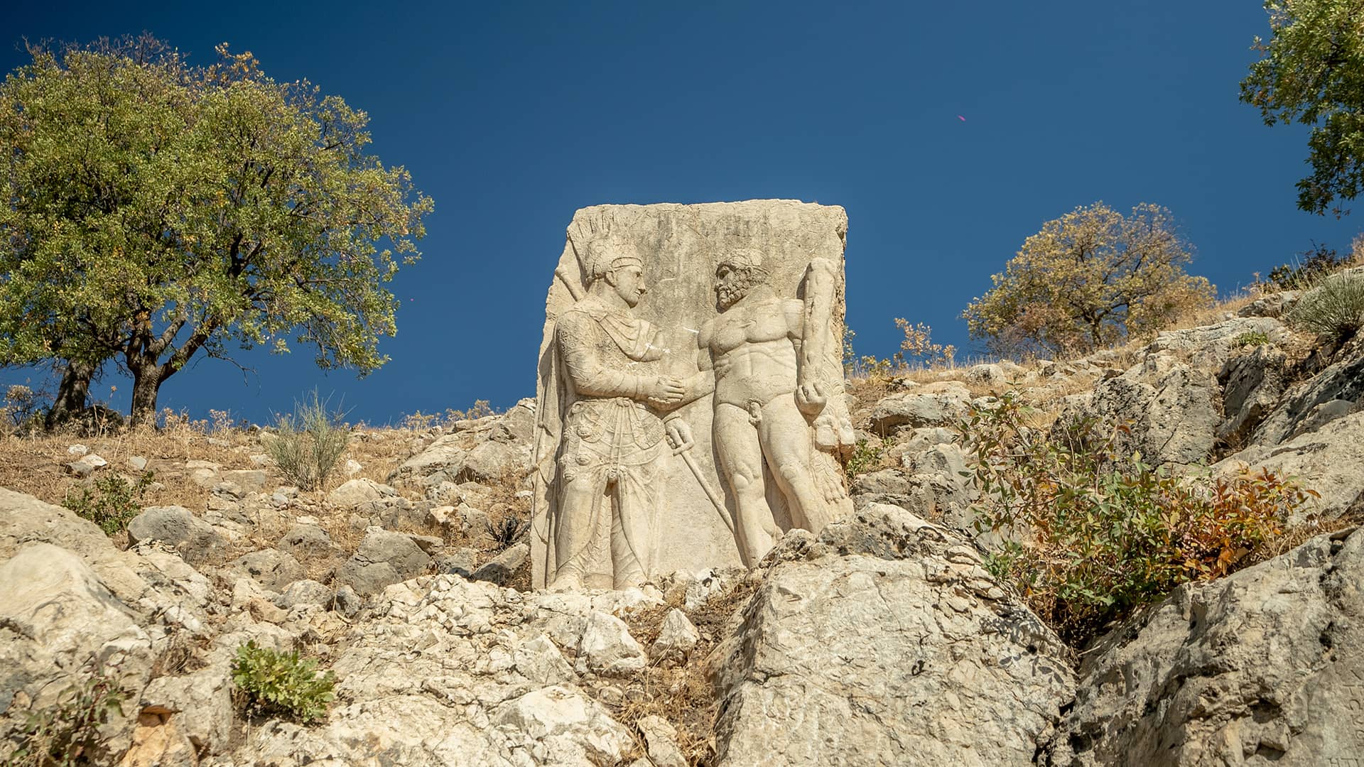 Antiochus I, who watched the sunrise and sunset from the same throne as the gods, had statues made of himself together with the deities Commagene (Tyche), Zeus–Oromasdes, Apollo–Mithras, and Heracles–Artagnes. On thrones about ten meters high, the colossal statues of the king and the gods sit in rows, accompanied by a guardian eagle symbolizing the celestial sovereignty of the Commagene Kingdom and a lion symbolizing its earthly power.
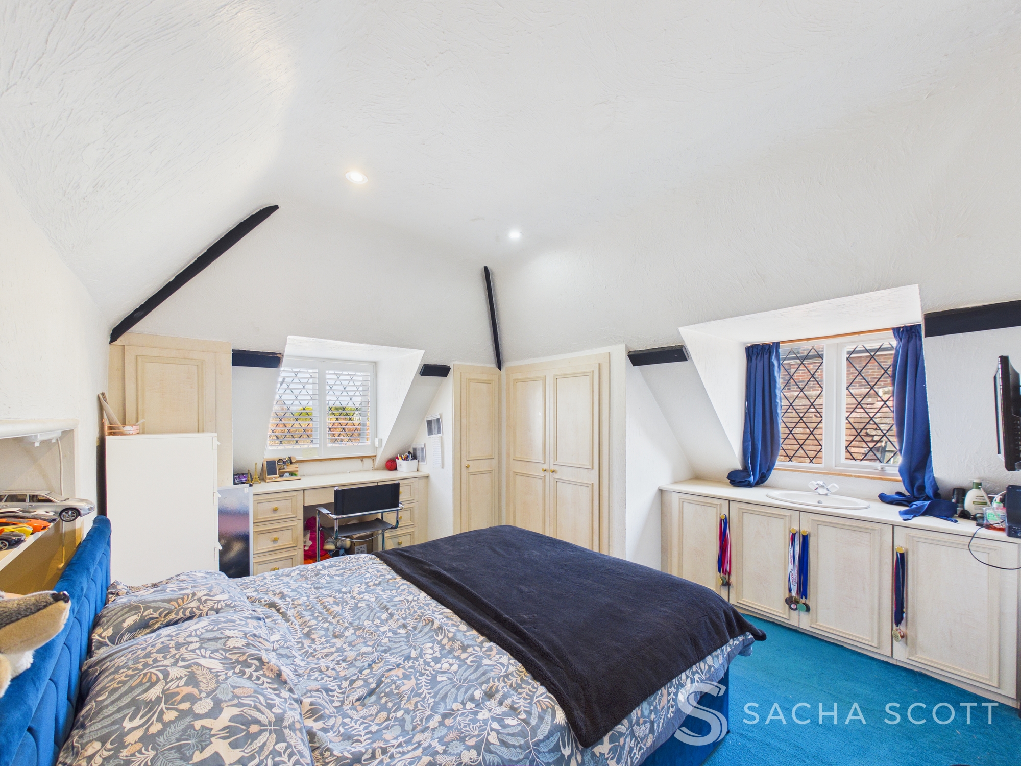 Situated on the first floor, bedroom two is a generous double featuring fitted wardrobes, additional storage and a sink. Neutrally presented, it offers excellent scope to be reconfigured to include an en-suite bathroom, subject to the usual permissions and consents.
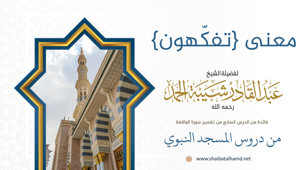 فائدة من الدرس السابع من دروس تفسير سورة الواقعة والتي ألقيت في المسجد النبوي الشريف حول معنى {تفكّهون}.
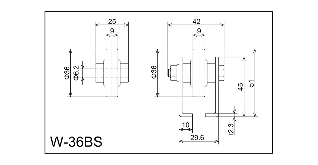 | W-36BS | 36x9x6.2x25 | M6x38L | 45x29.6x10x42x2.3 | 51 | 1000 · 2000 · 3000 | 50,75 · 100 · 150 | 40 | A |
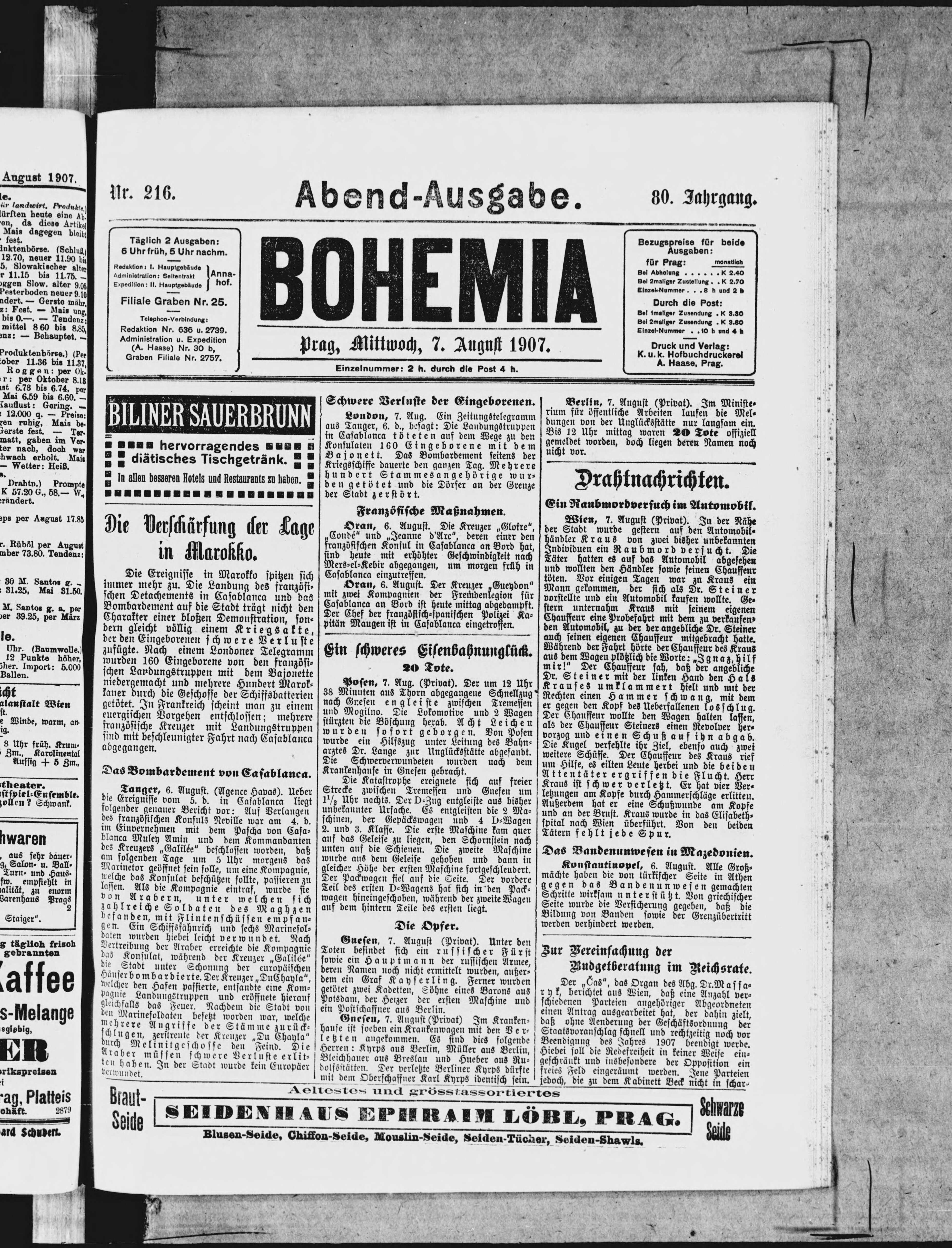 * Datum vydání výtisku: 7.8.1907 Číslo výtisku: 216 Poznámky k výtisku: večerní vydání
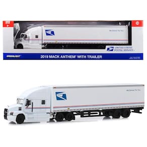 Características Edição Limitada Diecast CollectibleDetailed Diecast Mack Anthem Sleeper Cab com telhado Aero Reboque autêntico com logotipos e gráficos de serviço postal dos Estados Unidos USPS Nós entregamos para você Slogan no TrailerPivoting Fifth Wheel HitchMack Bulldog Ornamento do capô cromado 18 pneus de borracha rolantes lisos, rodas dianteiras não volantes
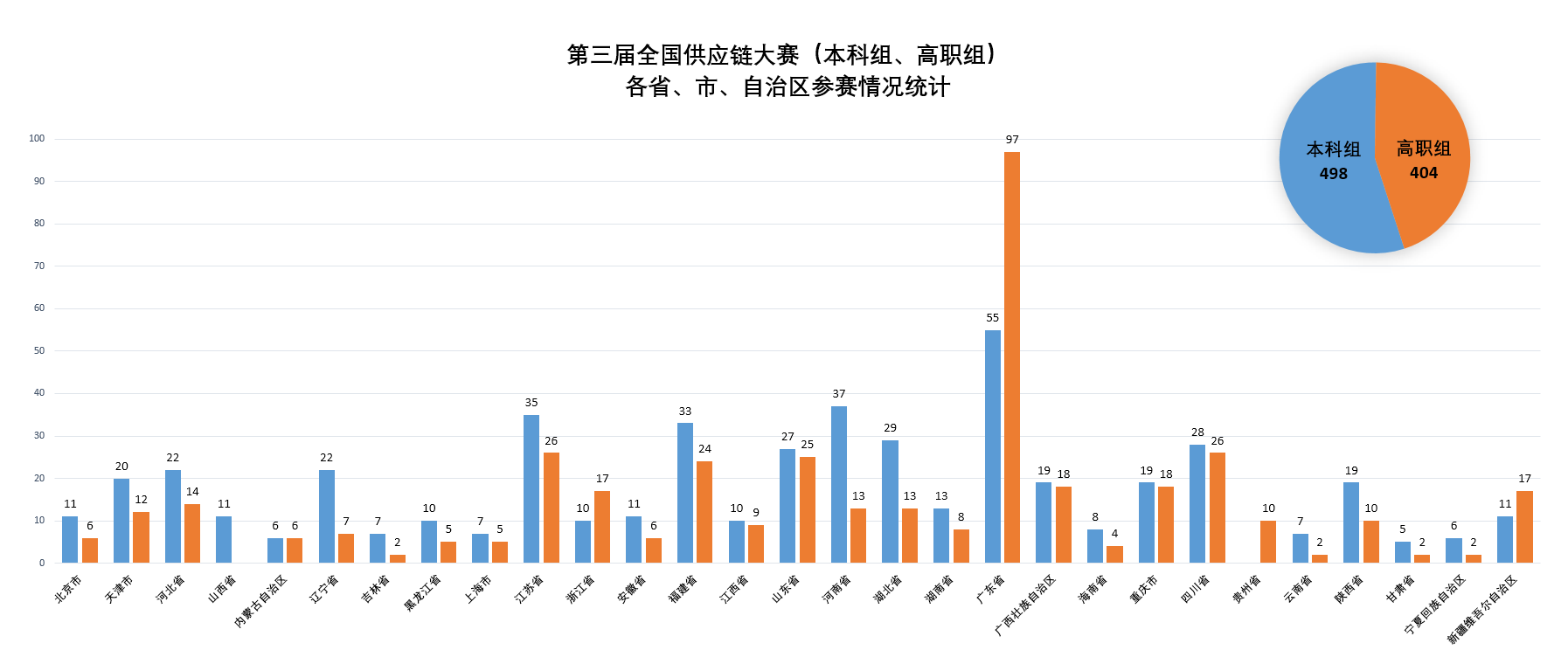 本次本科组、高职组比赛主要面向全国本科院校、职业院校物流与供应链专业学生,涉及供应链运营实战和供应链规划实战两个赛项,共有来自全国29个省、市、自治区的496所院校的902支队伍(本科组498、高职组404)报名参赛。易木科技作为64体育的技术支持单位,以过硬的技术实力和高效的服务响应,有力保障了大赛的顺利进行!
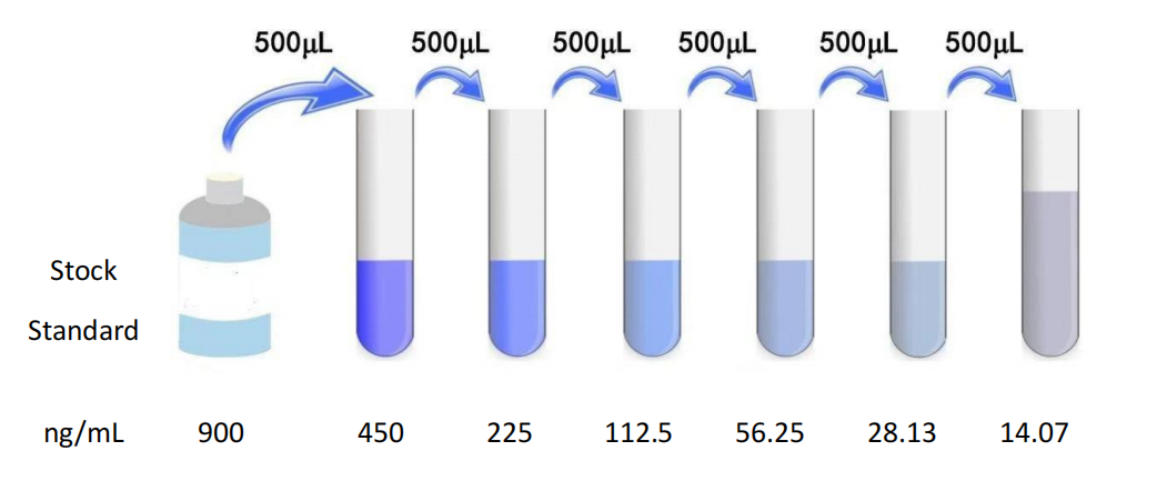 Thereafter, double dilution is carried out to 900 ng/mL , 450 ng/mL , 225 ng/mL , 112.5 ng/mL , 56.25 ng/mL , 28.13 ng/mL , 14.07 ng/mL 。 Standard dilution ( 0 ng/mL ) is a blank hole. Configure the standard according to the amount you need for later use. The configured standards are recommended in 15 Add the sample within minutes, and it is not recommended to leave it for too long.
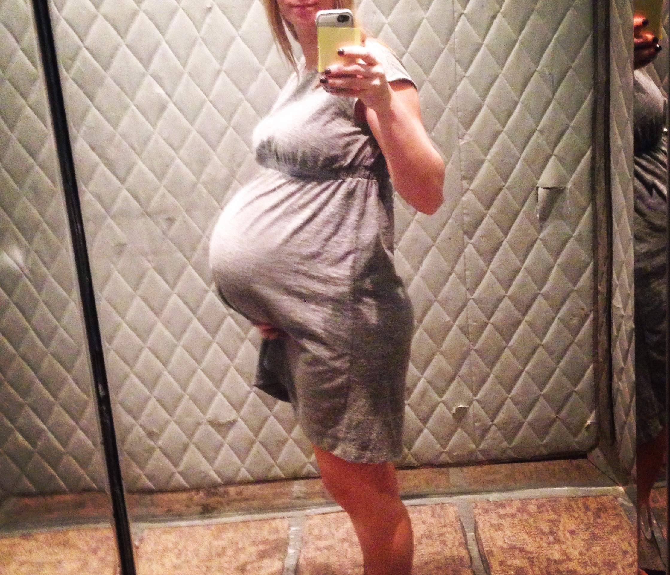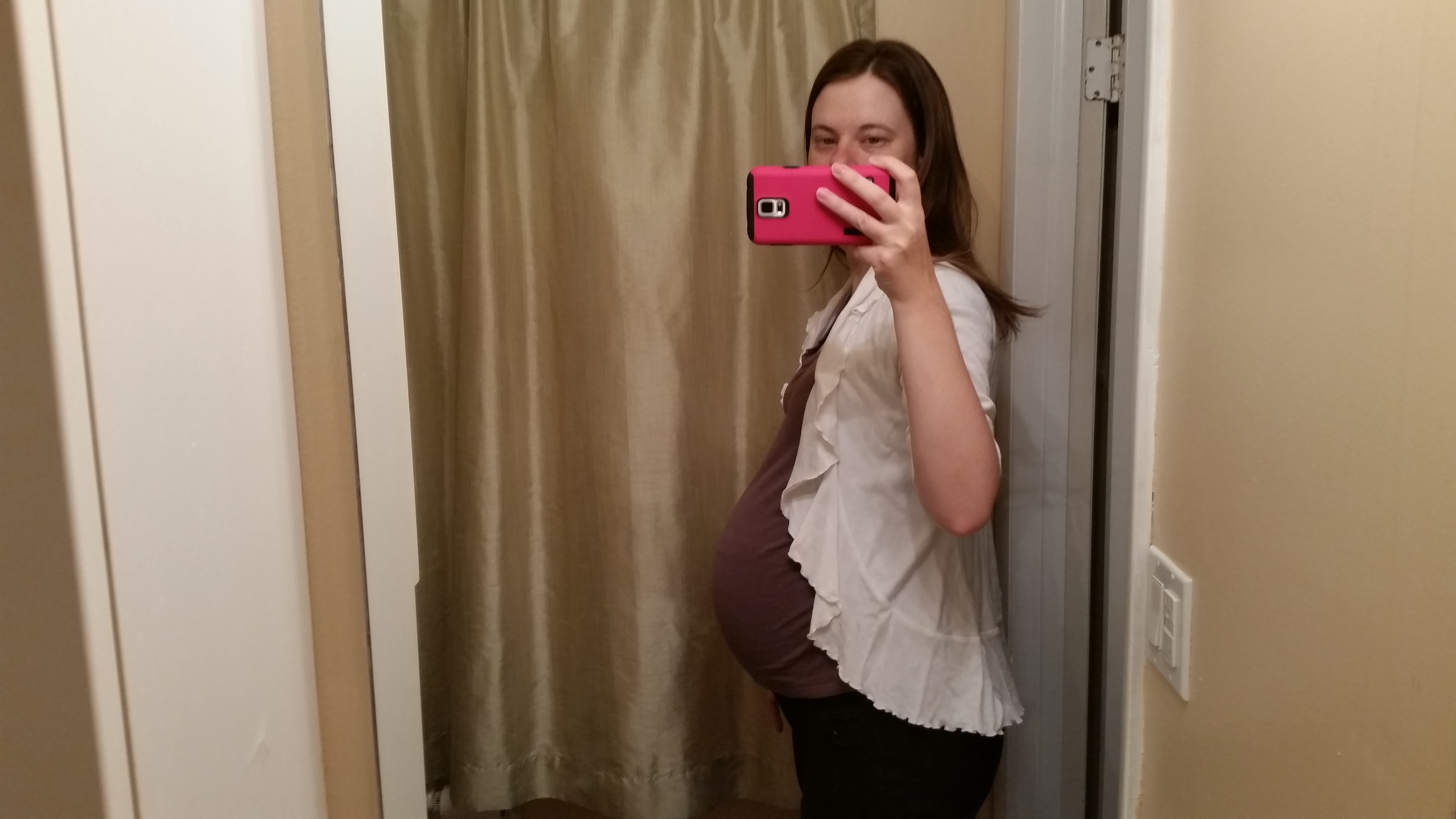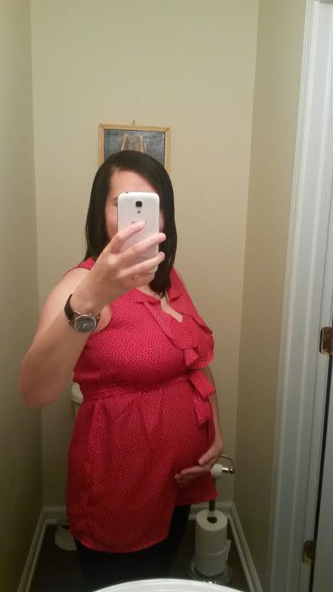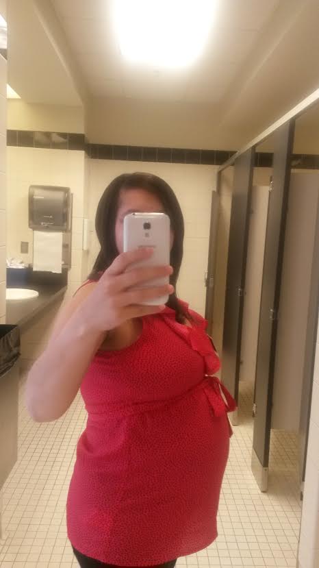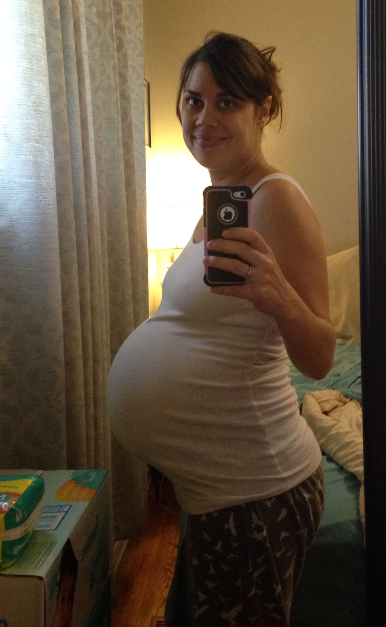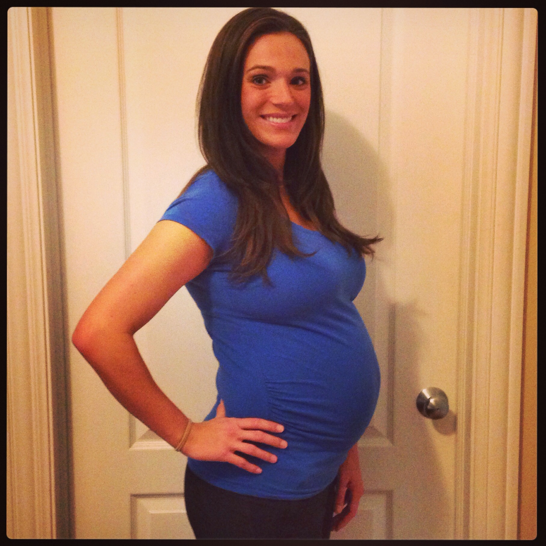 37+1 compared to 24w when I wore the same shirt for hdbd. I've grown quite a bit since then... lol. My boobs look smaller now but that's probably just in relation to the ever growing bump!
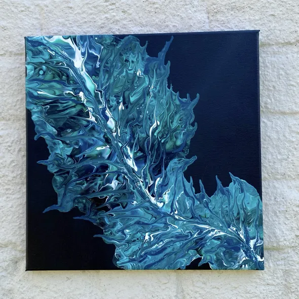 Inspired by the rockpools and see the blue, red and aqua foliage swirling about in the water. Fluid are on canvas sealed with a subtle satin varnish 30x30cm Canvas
-------
● TASK INSTRUCTIONS
Set down the full listing above with its wording unchanged. Leave out its images.

● REPLY TO THE EXERCISE
 Antiochus I, who watched the sunrise and sunset from the same throne as the gods, had statues made of himself together with the deities Commagene (Tyche), Zeus–Oromasdes, Apollo–Mithras, and Heracles–Artagnes. On thrones about ten meters high, the colossal statues of the king and the gods sit in rows, accompanied by a guardian eagle symbolizing the celestial sovereignty of the Commagene Kingdom and a lion symbolizing its earthly power.
 Situated on the first floor, bedroom two is a generous double featuring fitted wardrobes, additional storage and a sink. Neutrally presented, it offers excellent scope to be reconfigured to include an en-suite bathroom, subject to the usual permissions and consents.
 فائدة من الدرس السابع من دروس تفسير سورة الواقعة والتي ألقيت في المسجد النبوي الشريف حول معنى {تفكّهون}.
 | W-36BS | 36x9x6.2x25 | M6x38L | 45x29.6x10x42x2.3 | 51 | 1000 · 2000 · 3000 | 50,75 · 100 · 150 | 40 | A |
 * Datum vydání výtisku: 7.8.1907 Číslo výtisku: 216 Poznámky k výtisku: večerní vydání
 Características Edição Limitada Diecast CollectibleDetailed Diecast Mack Anthem Sleeper Cab com telhado Aero Reboque autêntico com logotipos e gráficos de serviço postal dos Estados Unidos USPS Nós entregamos para você Slogan no TrailerPivoting Fifth Wheel HitchMack Bulldog Ornamento do capô cromado 18 pneus de borracha rolantes lisos, rodas dianteiras não volantes
 本次本科组、高职组比赛主要面向全国本科院校、职业院校物流与供应链专业学生,涉及供应链运营实战和供应链规划实战两个赛项,共有来自全国29个省、市、自治区的496所院校的902支队伍(本科组498、高职组404)报名参赛。易木科技作为64体育的技术支持单位,以过硬的技术实力和高效的服务响应,有力保障了大赛的顺利进行!
 Thereafter, double dilution is carried out to 900 ng/mL , 450 ng/mL , 225 ng/mL , 112.5 ng/mL , 56.25 ng/mL , 28.13 ng/mL , 14.07 ng/mL 。 Standard dilution ( 0 ng/mL ) is a blank hole. Configure the standard according to the amount you need for later use. The configured standards are recommended in 15 Add the sample within minutes, and it is not recommended to leave it for too long.
 37+1 compared to 24w when I wore the same shirt for hdbd. I've grown quite a bit since then... lol. My boobs look smaller now but that's probably just in relation to the ever growing bump!
 Inspired by the rockpools and see the blue, red and aqua foliage swirling about in the water. Fluid are on canvas sealed with a subtle satin varnish 30x30cm Canvas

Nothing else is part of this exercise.